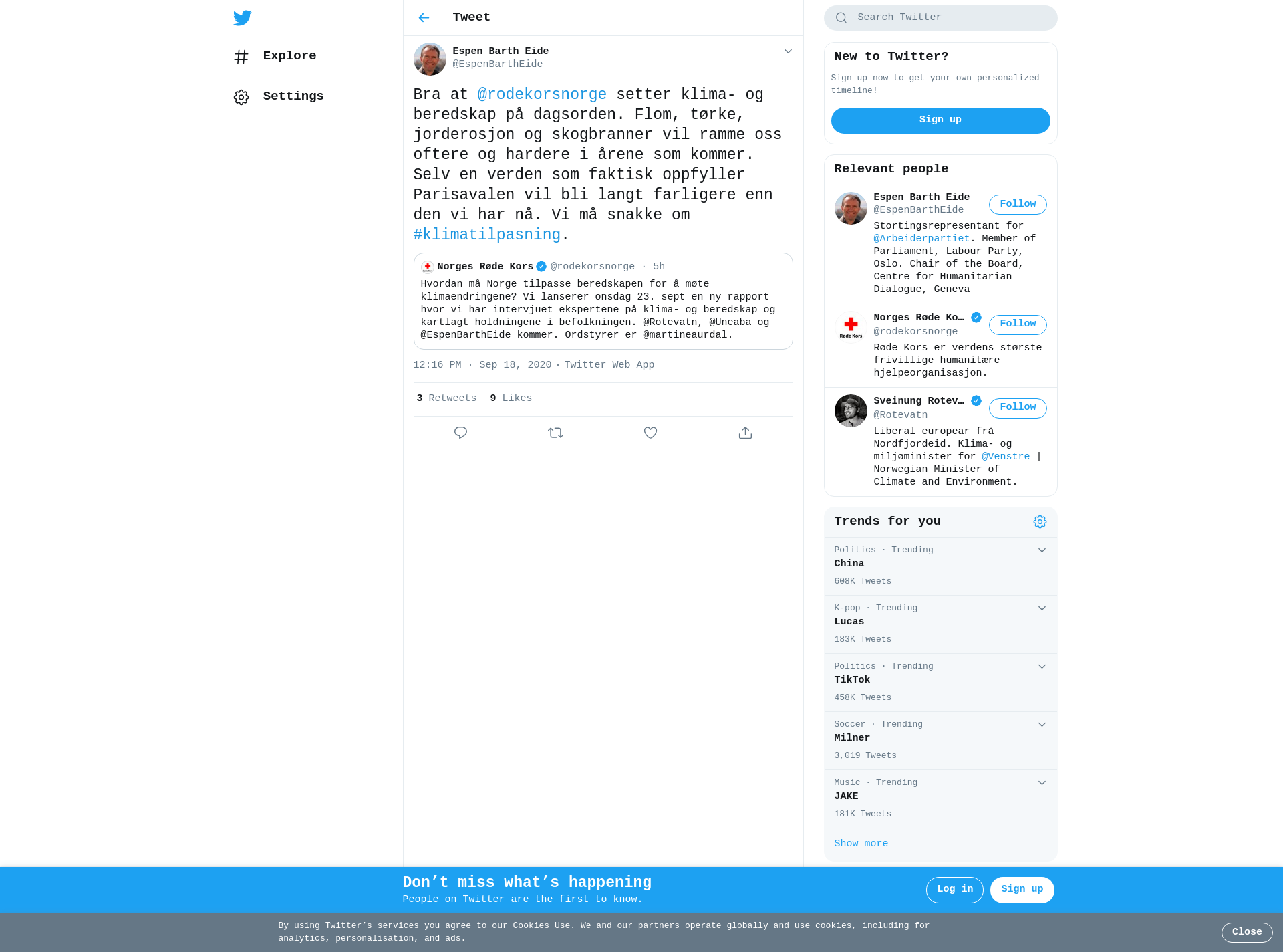 Bra at @rodekorsnorge setter klima- og beredskap på dagsorden. Flom, tørke, jorderosjon og skogbranner vil ramme oss oftere og hardere i årene som kommer. Selv en verden som faktisk oppfyller Parisavalen vil bli langt farligere enn den vi har nå. Vi må snakke om #klimatilpasning.
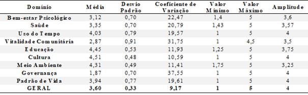 A média por domínios variou de 1,87 a 4,51. O domínio da governança apresentou o menor resultado, com 1,87. Ele aborda questões sobre criação de empregos, melhorias educacionais, combate à corrupção, proteção do meio ambiente e melhorias em estradas. O segundo menor resultado se deu no domínio vitalidade comunitária com 2,87. Tal domínio considera questões sobre confiança nas pessoas da cidade e nos vizinhos. O bem-estar psicológico (3,12) trata de questões sobre autoavaliação da felicidade, ajuda quando se está doente, problemas financeiros ou emocionais e estresse. O domínio da saúde (3,35) apresenta questões sobre satisfação com a competência da equipe médica, limpeza e tratamento médico prescrito, e da dificuldade em relação à distância do hospital, transporte e tempo de espera para ver o médico. O padrão de vida apresentou média de 3,94. Ele considera a compra de roupas de segunda mão para manter custos baixos, inadimplência de empréstimos e aluguéis, dificuldade de apoio financeiro dos familiares e equipamentos que foram vendidos para aumentar o dinheiro das despesas básicas.
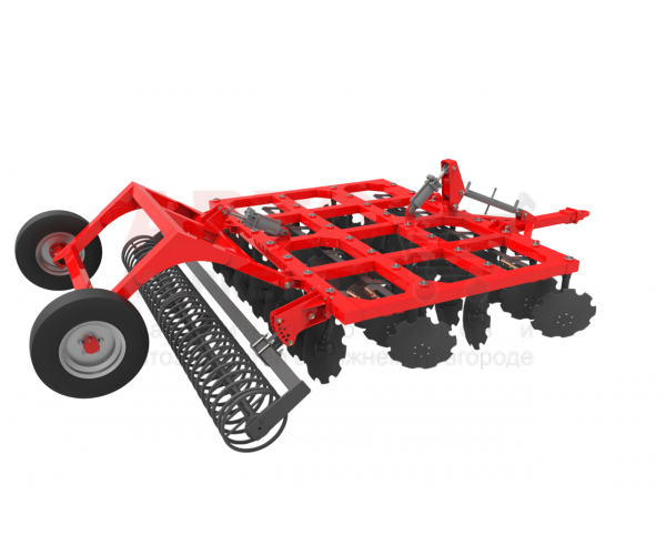 Простая и надежная система регулировки положения высоты прикатывающего катка позволяет быстро настроить заглубление дисковой бороны. Также предусмотрена возможность быстрого и простого отсоединения прикатывающего катка с дисковой бороны. Также имеется возможность комплектовать дисковые бороны со спиралевидным (для чернозема) или планчатым катком (для суглинистой и каменистой почвы)
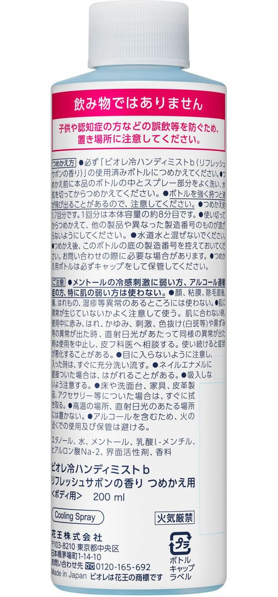 KAO ビオレ 冷ハンディミスト リフレッシュサボンの香り 詰替 200ml 1個(ご注文単位1個)【直送品】

▸ **PROBLEM REQUIREMENTS**: Would you repeat the material exactly, keeping out any pictures?

▸ **EXERCISE RESULT**:
 Bra at @rodekorsnorge setter klima- og beredskap på dagsorden. Flom, tørke, jorderosjon og skogbranner vil ramme oss oftere og hardere i årene som kommer. Selv en verden som faktisk oppfyller Parisavalen vil bli langt farligere enn den vi har nå. Vi må snakke om #klimatilpasning.
 A média por domínios variou de 1,87 a 4,51. O domínio da governança apresentou o menor resultado, com 1,87. Ele aborda questões sobre criação de empregos, melhorias educacionais, combate à corrupção, proteção do meio ambiente e melhorias em estradas. O segundo menor resultado se deu no domínio vitalidade comunitária com 2,87. Tal domínio considera questões sobre confiança nas pessoas da cidade e nos vizinhos. O bem-estar psicológico (3,12) trata de questões sobre autoavaliação da felicidade, ajuda quando se está doente, problemas financeiros ou emocionais e estresse. O domínio da saúde (3,35) apresenta questões sobre satisfação com a competência da equipe médica, limpeza e tratamento médico prescrito, e da dificuldade em relação à distância do hospital, transporte e tempo de espera para ver o médico. O padrão de vida apresentou média de 3,94. Ele considera a compra de roupas de segunda mão para manter custos baixos, inadimplência de empréstimos e aluguéis, dificuldade de apoio financeiro dos familiares e equipamentos que foram vendidos para aumentar o dinheiro das despesas básicas.
 Простая и надежная система регулировки положения высоты прикатывающего катка позволяет быстро настроить заглубление дисковой бороны. Также предусмотрена возможность быстрого и простого отсоединения прикатывающего катка с дисковой бороны. Также имеется возможность комплектовать дисковые бороны со спиралевидным (для чернозема) или планчатым катком (для суглинистой и каменистой почвы)
 KAO ビオレ 冷ハンディミスト リフレッシュサボンの香り 詰替 200ml 1個(ご注文単位1個)【直送品】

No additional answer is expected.